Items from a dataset
::::
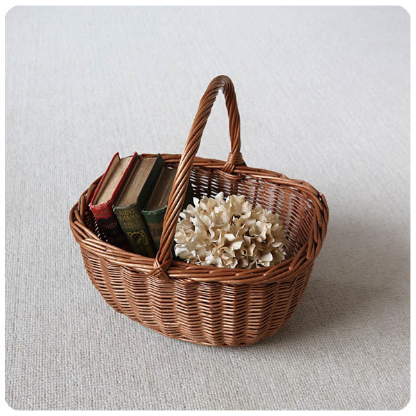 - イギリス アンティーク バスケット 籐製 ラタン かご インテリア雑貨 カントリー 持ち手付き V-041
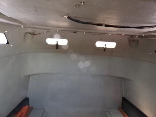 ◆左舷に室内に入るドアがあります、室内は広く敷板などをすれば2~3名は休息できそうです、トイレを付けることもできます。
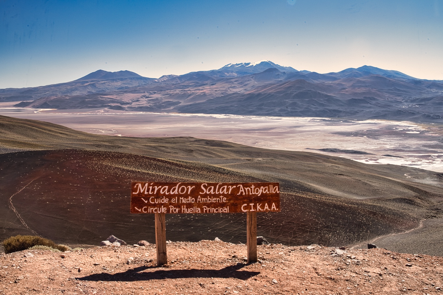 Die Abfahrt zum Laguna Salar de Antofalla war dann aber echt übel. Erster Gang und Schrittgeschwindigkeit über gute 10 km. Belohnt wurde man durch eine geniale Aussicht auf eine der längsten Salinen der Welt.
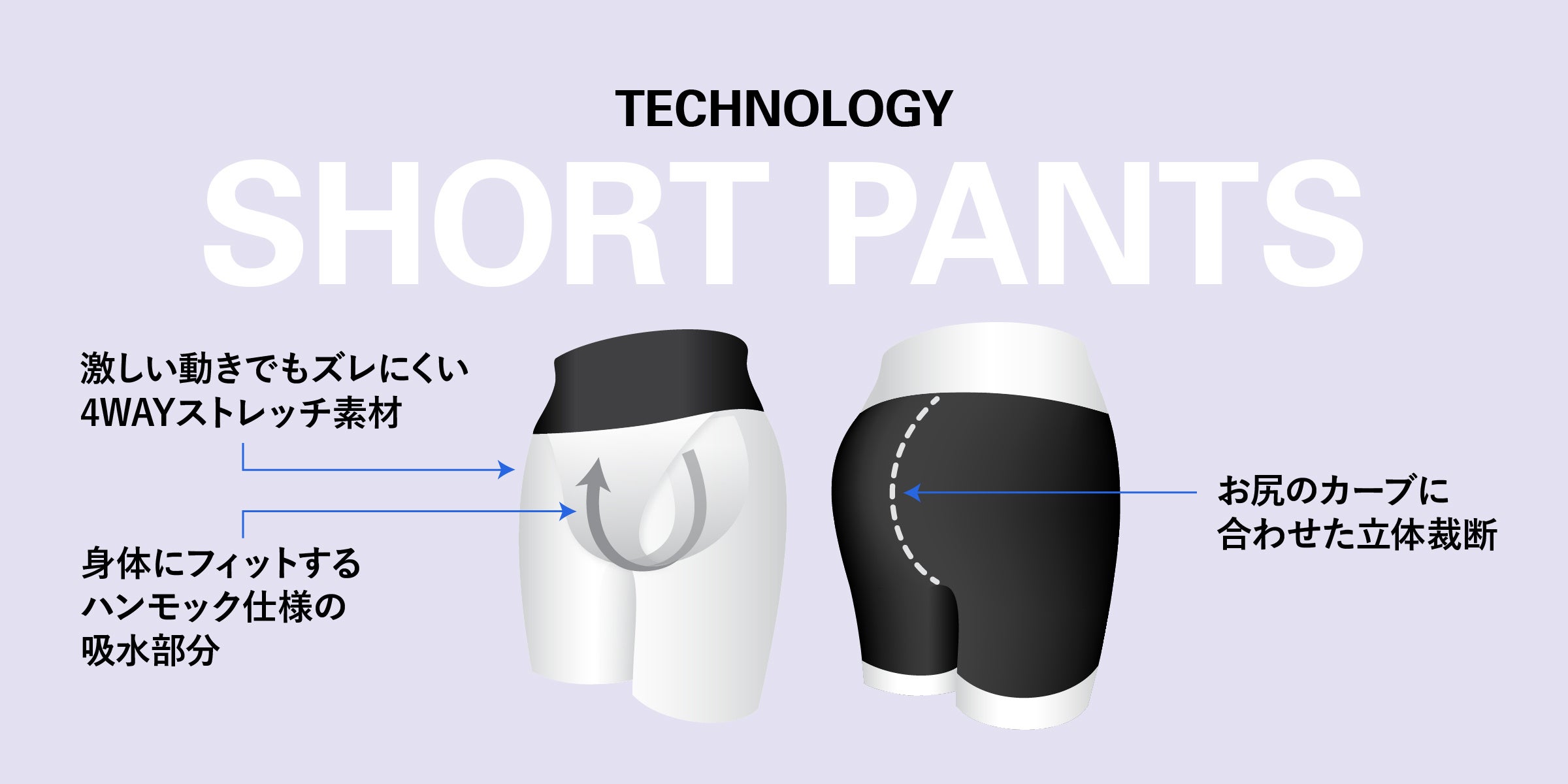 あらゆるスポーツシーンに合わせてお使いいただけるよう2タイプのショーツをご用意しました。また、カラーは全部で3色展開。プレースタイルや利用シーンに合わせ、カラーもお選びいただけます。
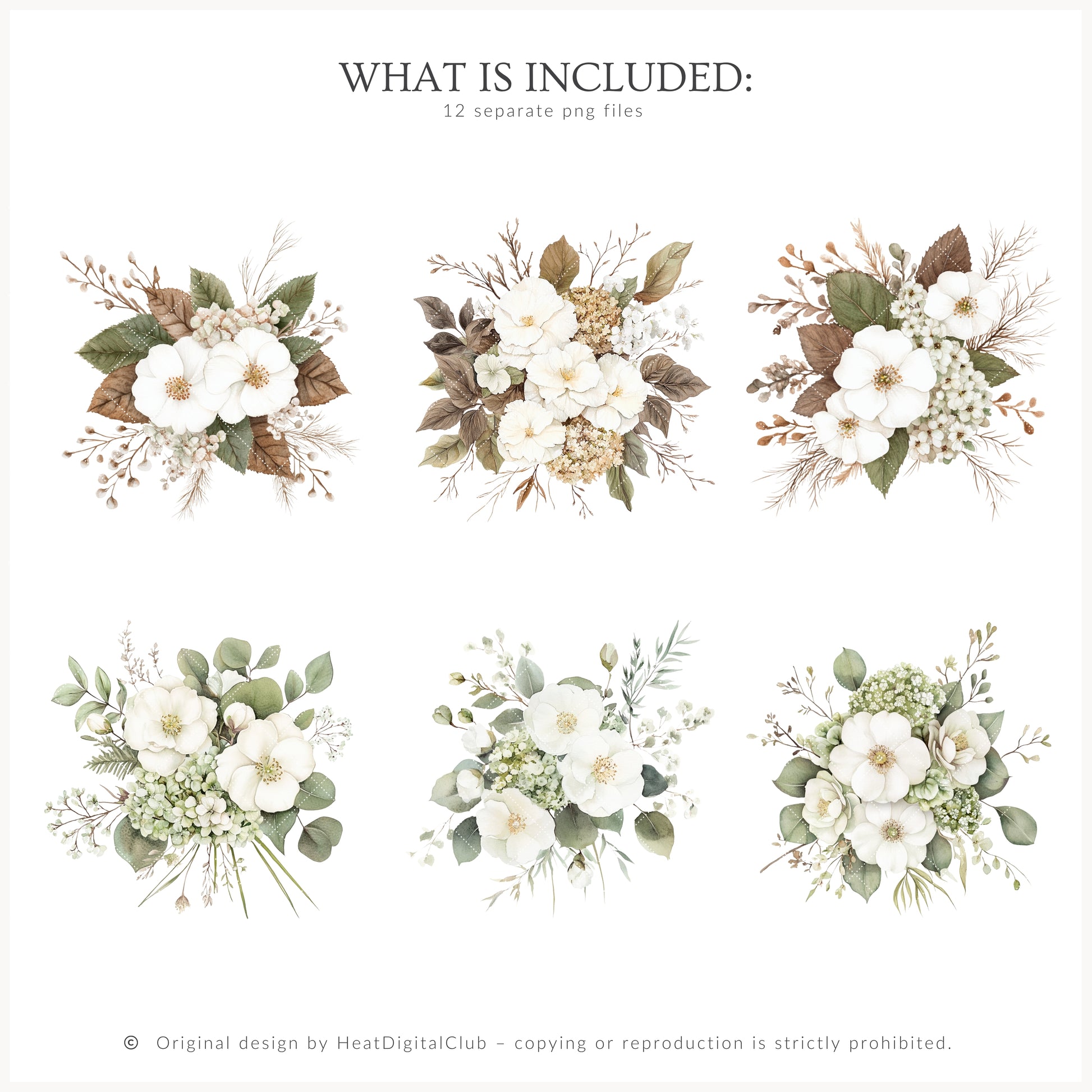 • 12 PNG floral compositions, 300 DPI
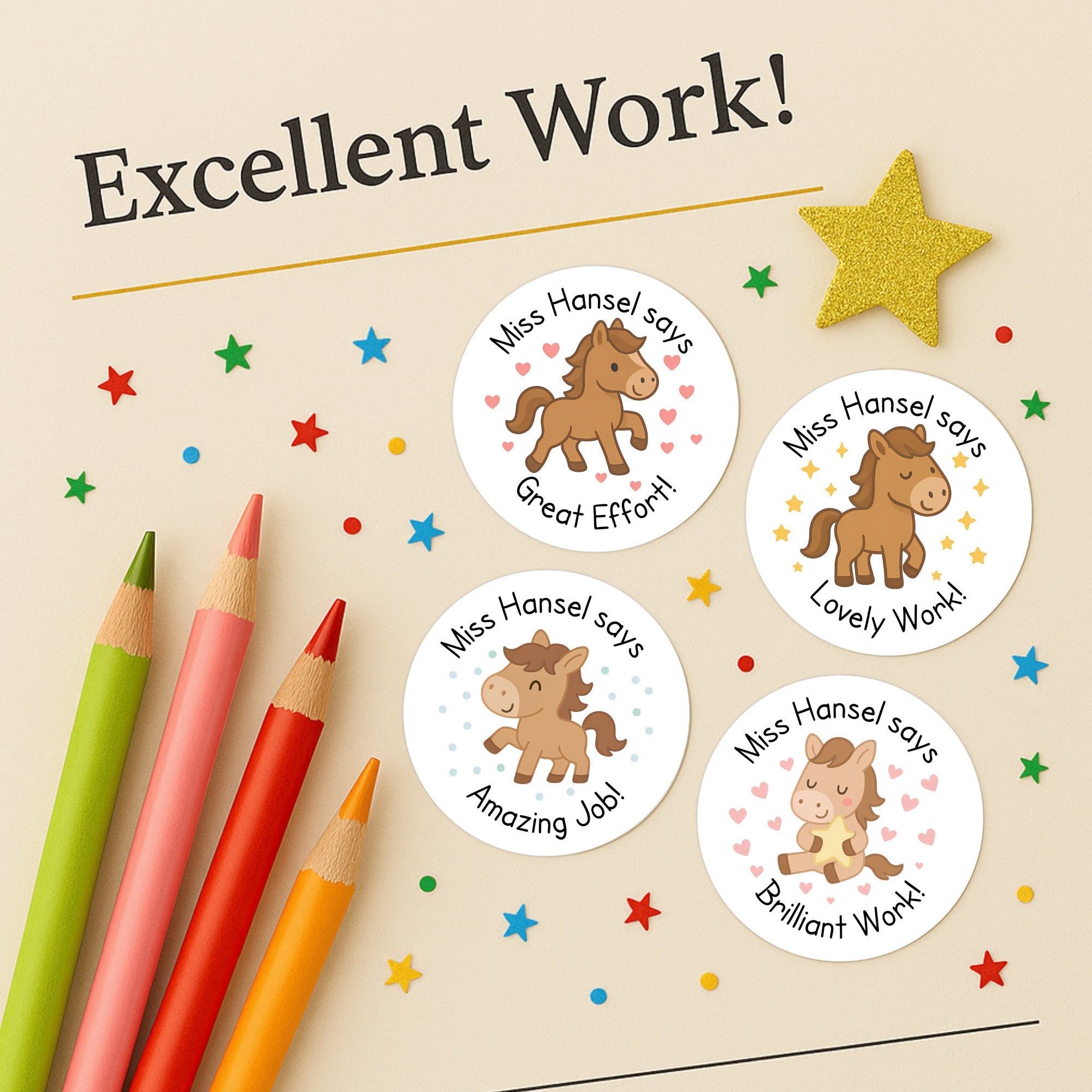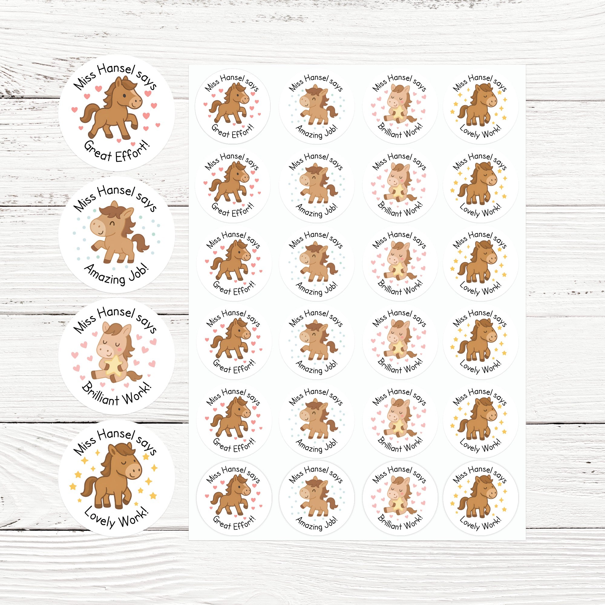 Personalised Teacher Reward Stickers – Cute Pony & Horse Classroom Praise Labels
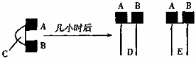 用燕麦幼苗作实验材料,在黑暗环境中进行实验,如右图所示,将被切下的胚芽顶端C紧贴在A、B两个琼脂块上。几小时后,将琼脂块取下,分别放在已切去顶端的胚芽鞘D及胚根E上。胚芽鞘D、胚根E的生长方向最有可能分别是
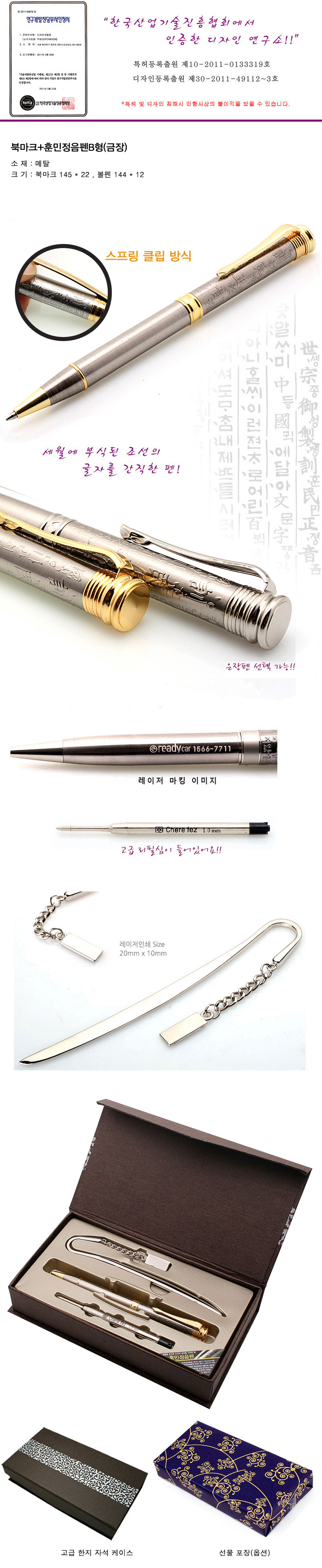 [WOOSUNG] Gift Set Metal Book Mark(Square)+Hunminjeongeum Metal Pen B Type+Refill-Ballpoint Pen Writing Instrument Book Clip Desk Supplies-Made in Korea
::::
** YOUR TASK **
Above are the entries; write them out again exactly, omitting the pictures.

** EXPECTED ANSWER **
 - イギリス アンティーク バスケット 籐製 ラタン かご インテリア雑貨 カントリー 持ち手付き V-041
 ◆左舷に室内に入るドアがあります、室内は広く敷板などをすれば2~3名は休息できそうです、トイレを付けることもできます。
 Die Abfahrt zum Laguna Salar de Antofalla war dann aber echt übel. Erster Gang und Schrittgeschwindigkeit über gute 10 km. Belohnt wurde man durch eine geniale Aussicht auf eine der längsten Salinen der Welt.
 あらゆるスポーツシーンに合わせてお使いいただけるよう2タイプのショーツをご用意しました。また、カラーは全部で3色展開。プレースタイルや利用シーンに合わせ、カラーもお選びいただけます。
 • 12 PNG floral compositions, 300 DPI
 Personalised Teacher Reward Stickers – Cute Pony & Horse Classroom Praise Labels
 用燕麦幼苗作实验材料,在黑暗环境中进行实验,如右图所示,将被切下的胚芽顶端C紧贴在A、B两个琼脂块上。几小时后,将琼脂块取下,分别放在已切去顶端的胚芽鞘D及胚根E上。胚芽鞘D、胚根E的生长方向最有可能分别是
 [WOOSUNG] Gift Set Metal Book Mark(Square)+Hunminjeongeum Metal Pen B Type+Refill-Ballpoint Pen Writing Instrument Book Clip Desk Supplies-Made in Korea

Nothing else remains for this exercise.